In 1986, it was estimated that over 500 babies and toddlers had been rescued from drug addiction and the pain and loneliness of AIDS via Hull House intervention. Children of all races and backgrounds, from two weeks to three years, were sheltered and given the same personal care. The work at Hale House did not stop with caring for the child victims of drugs and AIDS. The parents of Hale House children were offered counseling and assistance in finding housing. The goal of Hale House was to reunite the families by teaching the parents to shoulder the responsibilities of life. In order to be reunited, addicted parents were required to participate in a rehabilitation program of approximately 18 months in duration. During that time they were required to maintain contact with their children via weekly visitation. It is a testament to the success of the program that in 1989, after 20 years of operation, only 12 of the many hundreds of children who had passed through the doors of Hale House had had to be placed for adoption. Wayward youths and other addicts also received help and direction to lead useful lives.
Mother Hale was honored by President Reagan during his State of the Union address in 1985. She was invited to Washington, D.C., where she was seated next to Mrs. Reagan during the speech when the President introduced her as "a true American hero." She received the applause of the Supreme Court and Congress with her characteristic humility. In 1989, she was honored with the Harry S. Truman Award for Public Service.
Hale was honored many times during her life. Despite the accolades, throughout the years, Mother Hale's thoughts were always with the needy children who were brought to her for assistance. In 1986, she told Herschel Johnson of Ebony that, "I'd like for it to go down in history that we taught our children to be proud Black American citizens, and that they learned they could do anything, and that they could do it for themselves."

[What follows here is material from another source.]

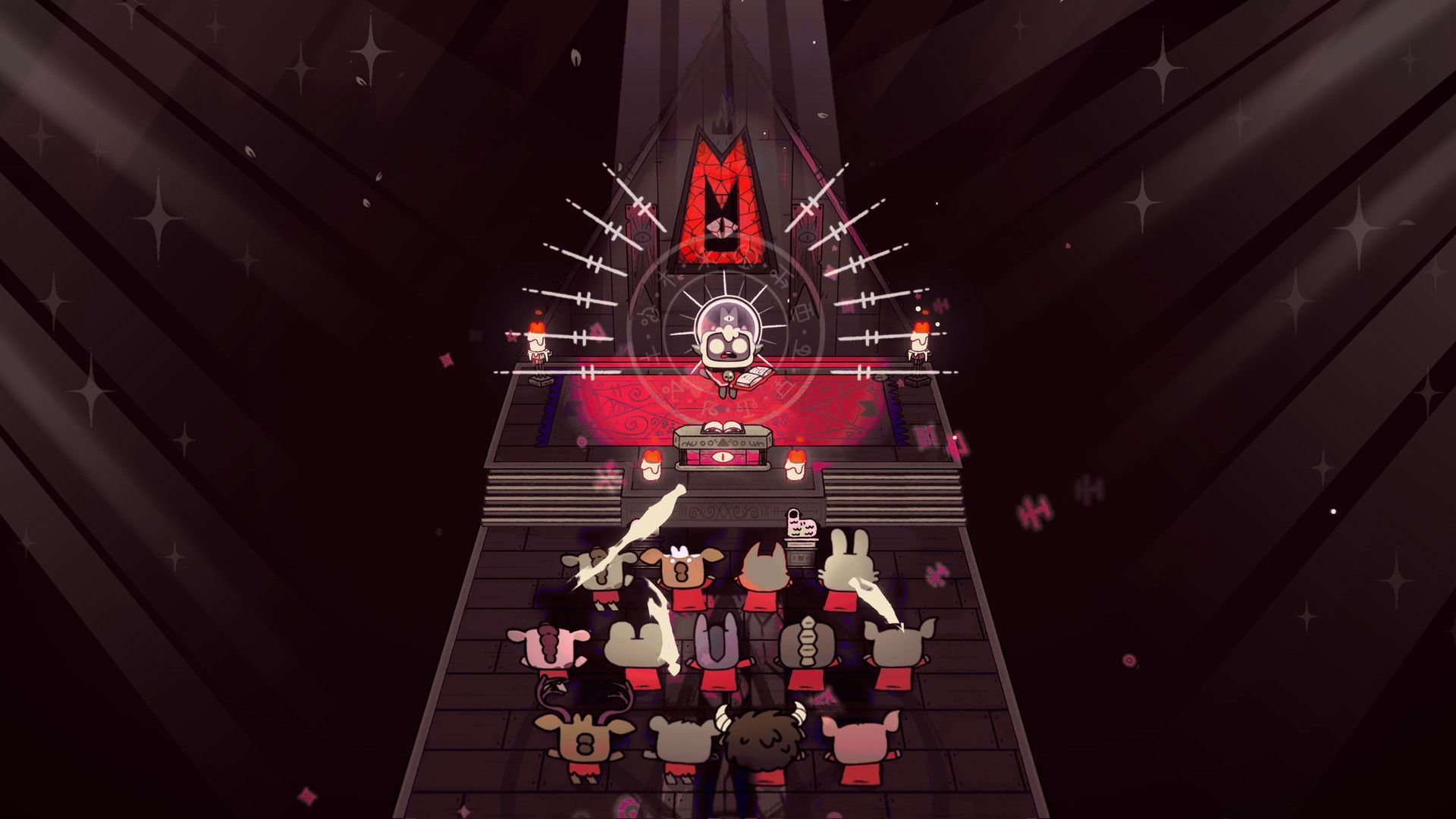 《咩咩啓示錄》中,玩家將扮演一隻因被陰鬱不祥的陌生人拯救從而免於一死的被附體的羊羔。爲了報答救命之恩,玩家需要以那人之名組建一支忠誠的追隨者隊伍。在這片虛假先知橫行的土地上,你要建立自己的教派,遍歷大陸上神祕無比、風格迥異的各個區域,籠絡一羣篤信森林的忠誠追隨者,廣散你的真言,最終一統全境,成爲唯一的正教。

In 1990, the 84-year-old Hale was invited to Los Angeles as an honored speaker at a symposium for care givers and social workers who were working with the problem of infant drug addiction. The public by then was familiar with Mother Hale's work and her reputation. Her words came nonetheless as a surprise to the professional crowd. Mother Hale, as quoted by Beyette, had little else to say except, "Help one another. Love each other," a refrain that she echoed many times throughout her life. Dr. Ernie Smith, also in attendance at the conference in Los Angeles, heard the no-nonsense words of love from Mother Hale, and he reiterated the message. He said, according to Beyette, "Well, Mother Hale didn't have a Ph.D. or an M.D. or 'any other kind of D,' but she took in that first drug baby back in 1969. 'All she had was a rocking chair."'
Hale continued her work. "When I get to heaven, I'm going to rest," she told Beyette. As her health began to fail, she became too frail to hold even the tiny babies whom she loved so dearly. She died of complications from a stroke on December 18, 1992 in New York City. Clara Hale and Hale House are credited with saving the lives and futures of many hundreds of babies over the years. At her funeral in New York she was eulogized by Reverend Carolyn Knight of the Philadelphia Baptist Church, who praised Mother Hale as "The moral conscience of this [New York] city." Mother Hale's work has been perpetuated by the Hale Foundation in New York.